I am flabbergasted at myself. Even though my arm is hurting and my veins keep collapsing on me, I still want to stick a needle in my arm. It's sickening to me. What sickens me more that I still want to slam dope. I'm craving it even tough it pisses me off, I can't get loaded the way I want. I know some ....well actually all the dope is not good right now. I miss the good shot from back in the day, peanut butter  lemon stop. That shit was good. Now it's all shards and powder of shot  that barely doubles back. I miss the triple back good dope.  A whole T wasted down my sink drain along with my blood. But here I am wanting to do it. Smoking shot is just not doing it form . I want to do an issue that will drop me to my knees while I fun my pants. Now that is the kind of shot I have been chasing. 
I started main lining when I was 21. Back than I didn't care that my arm where brused and all ducked up. Now I care , I have kids I don't need their teacher, coach, or den leaders noticing my track marks, bruises, and lumps on my arm. I broke all the points that I had. Seeing my arms right now is some what helping. Arms are in too much pain. I've Been applying heat and preparation H trying to get this all to go away. Never got the high I wanted and probably won't. Slamming changes me. I snap to easy. 

Tuesday, September 3, 2013

slammin dope even though it messing my arm up.

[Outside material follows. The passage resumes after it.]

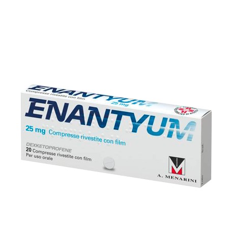 Enantyum è un antidolorifico appartenente al gruppo di medicinali chiamati farmaci antinfiammatori non steroidei (FANS). È usato per il trattamento del dolore di intensità da lieve a moderata, come dolore muscolare, mestruazioni dolorose (dismenorrea), mal di denti. Si rivolga al medico se non si sente meglio o se si sente peggio dopo 3 - 4 giorni.

im sitting here with a swollen wrist from mainlining meth and either my viens are clapsing while im shooting dope or I move just a little and end up missng. Even though my wrist is fucked I keep shooting up meth. Im f-ing crazy. Why not smoke it, snort it or ear it? The honest truth is that im addicted to.the needle, the sad thing is that I've o.ly been doi.g this for a few weeks now. It is all I think about, watching the needle go in and and than when you get ingo thd vien, watching the blood shoot up. I get off on that, love sesing that, pretty sick huh? I know doing dope is wrong. I know its slowly killing me. I have hep c, and bad kidneys and that doesn't even stop me. I go crazy in my head, writing my thoughts down seems tohelp me get thought it.